Over 100 Myanmar political prisoners have died since coup, group says

Read RFA coverage of this topic in Burmese.

More than 100 political prisoners arrested by Myanmar’s junta have died in custroy in the three and a half years since the military seized power, according to the Assistance Association for Political Prisoners, or AAPP. 

Junta authorities have arrested tens of thousands of activists, union leaders, rebel soldiers, journalists and people suspected of supporting insurgent groups. 

Among those detained and sentenced to decades in jail are members of the ousted National League for Democracy, or NLD, administration, including former State Counsellor Aung San Suu Kyi and other high-profile politicians detained hours after the early 2021 coup.

Prisoners allowed out speak of appalling conditions in Myanmar’s numerous prisons and detention centers, including crumbling infrastructure, brutal treatment, sexual harassment and limited access to adequate food and medical care. 

Of the 103 political prisoners who have died in prison since the coup, at least 63 people were denied medical treatment, the AAPP, a rights group based outside Myanmar, said in a statement on Monday following the death of a top NLD member.

Mandalay region chief minister and NLD Vice Chairman Zaw Myint Maung had been diagnosed with leukemia before being sentenced to 29 years in prison on various of charges, including election fraud and other charges largely dismissed by pro-democracy activists.

He was 73 when he died on Monday in hospital, where military authorities allowed him to go in his final days.
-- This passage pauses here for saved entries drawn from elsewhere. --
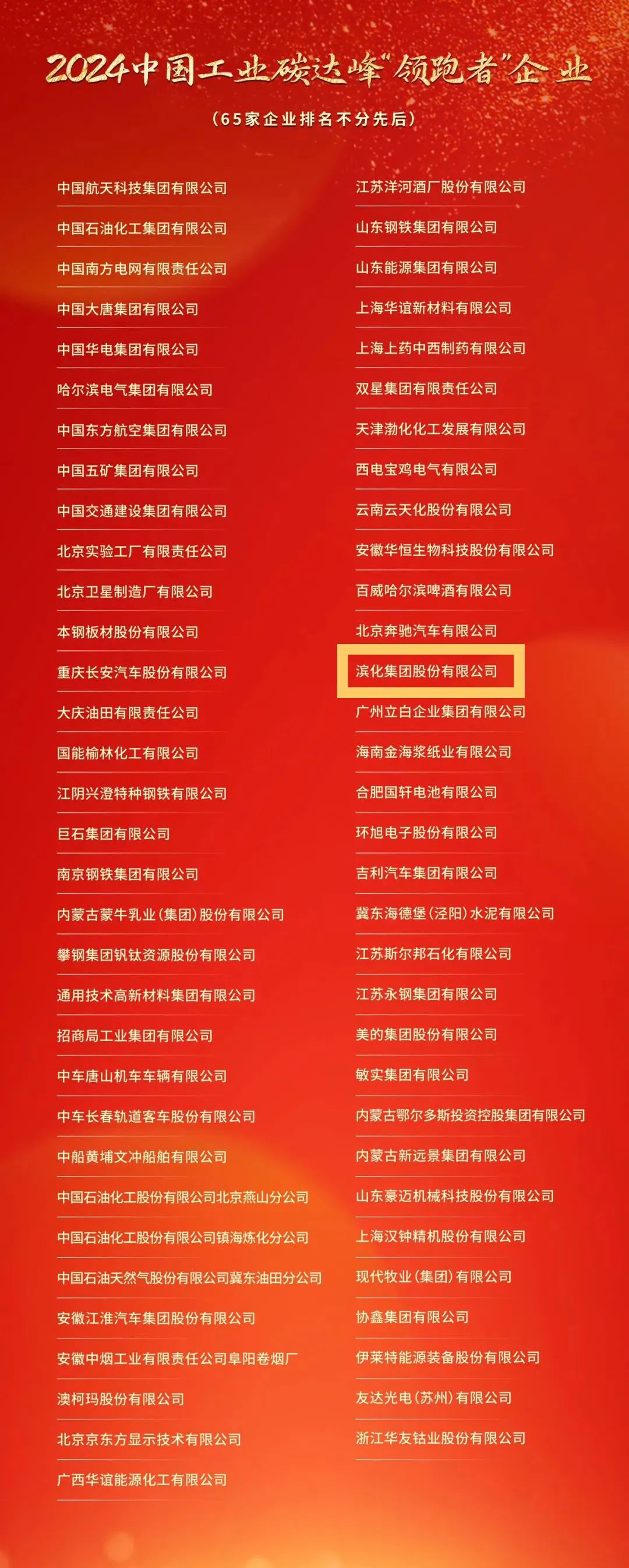 12.01/ 2024滨州网:EBET易博集团上榜2024中国工业碳达峰 “领跑者”企业名单
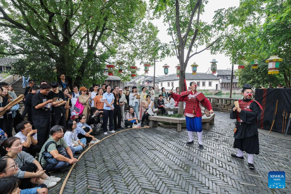 Tourists watch an open air performance during the 11th Wuzhen Theatre Festival in Wuzhen of Tongxiang City, east China's Zhejiang Province, Oct. 17, 2024. The 11th Wuzhen Theatre Festival kicked off Thursday in Wuzhen, featuring diversified performances and activities. [Xinhua/Xu Yu]
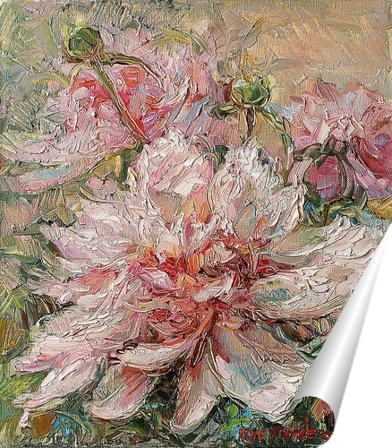 Описание плаката Спокойная гамма картины хорошо впишется в любой интерьер. Розовый цвет пионов освежает гамму картины и придает ей элегантность. Букет замечательных цветов поднимет настроение,если попадет в поле Вашего зрения.
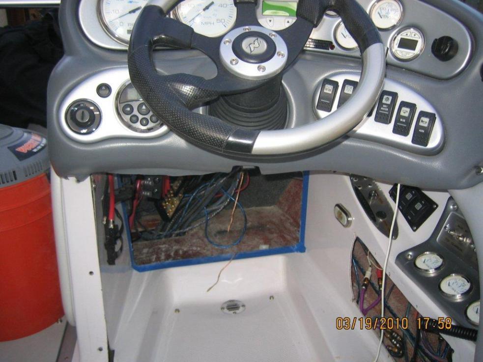 Too bad about the box. I opened up the footwell of my boat and re-routed all of the cables, hoses, and wires in that space then built a 2 cubic foot slot ported custom box for a Boston SPG555 sub. I am very happy with the result. Unfortunately to get it in I had to pull the dash and steering gear to allow for enough clearance to get it in place. I also had to trim the lower edge of the fiberglass below the steering wheel.
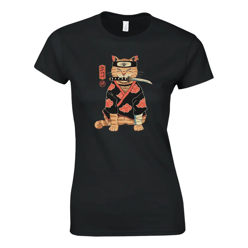 The central print features an orange feline transformed into a formidable ninja of the Akatsuki Clan. The cat sports the group's iconic attire: a ninja hat (kakashi) and a black cape adorned with the organization's characteristic red clouds. The details are meticulously crafted, from the sword held in its mouth to the bandage on its paw, giving it an attitude that is both cute and powerful. The finishing touch? The elegant Japanese characters that accompany it: 「ネコ」 (Neko, "Cat") and 「暁」 (Akatsuki, "Twilight"), for complete authenticity.
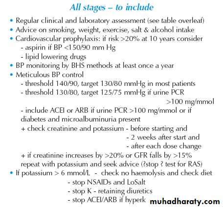 The renoprotective benefits of ACE inhibitors or ARBs are not seen in patients with chronic kidney disease who do not have diabetes or proteinuria. Since cardiovascular disease is the most common cause of complications and death among patients with chronic kidney disease, particularly when they also have diabetes, ACE inhibitors or ARBs should be considered for the treatment of hypertension in these patients. The propensity for hyperkalemia increases with declining glomerular filtration rate, and therefore these agents should be used with caution in patients with advanced chronic kidney disease, with or without proteinuria.
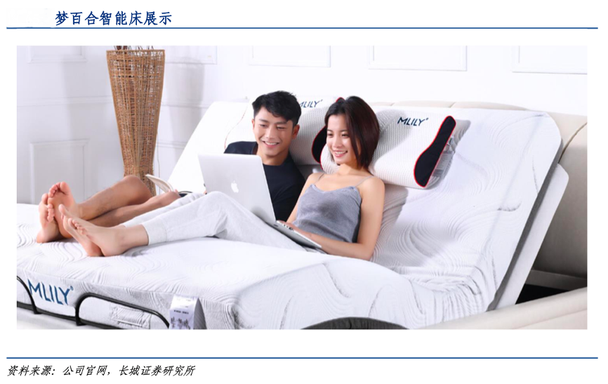 經典案例:根據公司官網、長城證券研究所等綜合資訊表明,由于智能床需要實現姿勢輔助變化的功能,因此只能搭配可以配合變化的記憶棉床墊。通過和記憶棉床墊一起在終端協同展示,智能床能夠快速導入夢百合的銷售渠道;特別是國內的線上渠道,夢百合公司的智能床+床墊的采用低價引流的銷售方式,有望加快睡眠智能化發展及記憶 棉床墊的推廣。
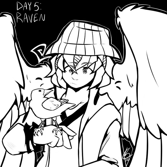 Day 5: Raven yeah I know he's technically a crow but most people can't even tell the two birds apart and I wanted to draw the birb boy #inktober #inktober2021 #inktober2021day5 #philza #philzafanart

Activists said he did not receive proper medical care in prison.

“If Dr Zaw Myint Maung had proper outside medical treatment we wouldn’t have lost his life,” said Aung Myo Kyaw of the AAPP.

“He didn’t really get proper medical care since he was arrested. Like Nyan Win, there are many more,” he said, referring to a long-time NLD  central executive committee member and Suu Kyi’s personal lawyer, who died in Yangon’s infamous Insein Prison from COVID-19 a few months after the coup. 

“If these people were not in prison but outside, they wouldn’t have died.”

Radio Free Asia could not reach junta spokesman Maj. Gen. Zaw Min Tun for comment on the AAPP’s statement. Military authorities say prisoners are treated according to the law.

‘Malicious’

Other activists who have died include Pe Maung, a filmmaker killed by tuberculosis shortly after being released from prison, and rapper-turned-rebel soldier San Linn San, who died from head trauma after being tortured in prison,  a human rights monitoring group said.  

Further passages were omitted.